Calibration Approach to Date:



The problem:


When looking at path length corrected light output, the distributions do not look flat:


Corrections shown here have been made just using ds/dz, which to first order should be correct.

Stan's Comments:


...the method used to get strip by strip calibrations together with elimination of all "corner-clippers", ie >1 strip in a plane hits, has to
introduce biases and lead to incorrect answers. Let me give you three ways (there may be others) how this causes problems:

1) Corner clipping hits in strips with lower light outputs have a lower probability of being detected that for higher light output strips.
2) Tracks with the same energy loss but different incident angles wrt normal have different probabilities for getting zero pes in an adjacent strip. If due to geometry (eg vertical vs horizontal strips) the average pathlength is different in different planes--> odd-even asymmetry.
3) The absolute calibration for all strips will be shifted downward since you will be accepting some fraction of events that are corner
clippers and thus do not deposit all of their energy in the strip of interest.

3) is less important as long as the strip-to-strip calibration is carried out correctly.
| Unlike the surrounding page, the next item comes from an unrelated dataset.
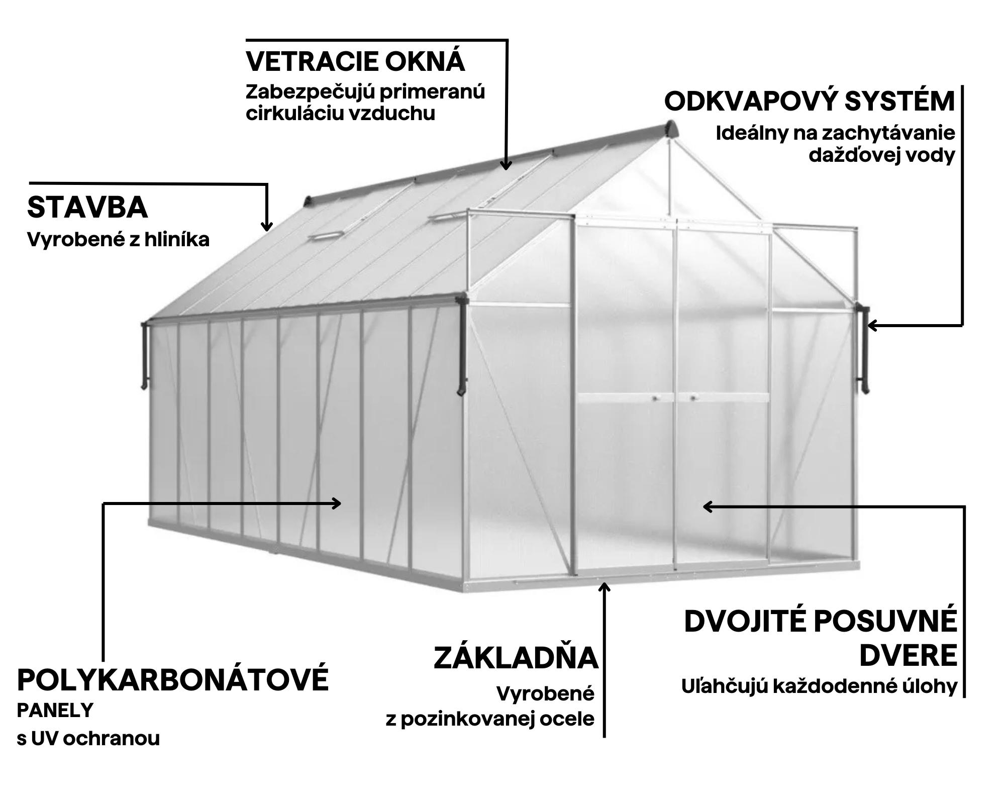 6 mm polykarbonátové panely v kombinácii s ochrannou fóliou zlepšujú tepelnú izoláciu a poskytujú rastlinám stabilné podmienky aj pri poklese teplôt. Špeciálna UV vrstva redukuje nadmerné slnečné žiarenie a chráni úrodu.

Once the detector response has been flattened, the absolute calibration can be achieved using a different method .

1) and 2) were expected and attempts have been made to correct for these by calculating the average path length through a scintillator strip for a particular set of track angles.

Factors affecting average path length:
Attempted to calculate average path length for our specific case with a tunable parameter corresponding to typical strip light output:



Can also look at correction as a function of individual track angles, dxdz and dydz:







Corrections good to +/-5% over angular range observed.

Alternatives

Stan's Solution:

...use all hits on a plane in the vicinity of a track. Weigh the energy in different strips by the relative light output in each strip, and assign total energy thus weighed to the strip with maximum energy. This would have to be an iterative procedure, with all gains equal initially, but it should converge very fast. Some cuts and/or corrections would be needed, ie one would want to eliminate catastrophic energy loss events, correct for edge effects, dead strips (if any), etc.

I think that this procedure would have more or less the same problems as have already been shown.

At the Far Detector:

Take only the largest hit in each plane. Doing this at CalDet and applying a simple correction which accounts for finite strip width:
(ds/dz)*4.1/(4.1 + |dy/dz|)



This would introduce an even/odd plane asymmetry into the calibration.

What we eventually resorted to:

Realising that the pattern is more or less the same for even/odd planes, green/clear readout and that light output looks fairly linear with  pathlength, the "92% solution" correction was applied.  i.e. instead of correcting by ds/dz, correct by 0.92*ds/dz:



vs ds/dz


Other Issues:

Cross-talk hits included in the track and used in the path length plots?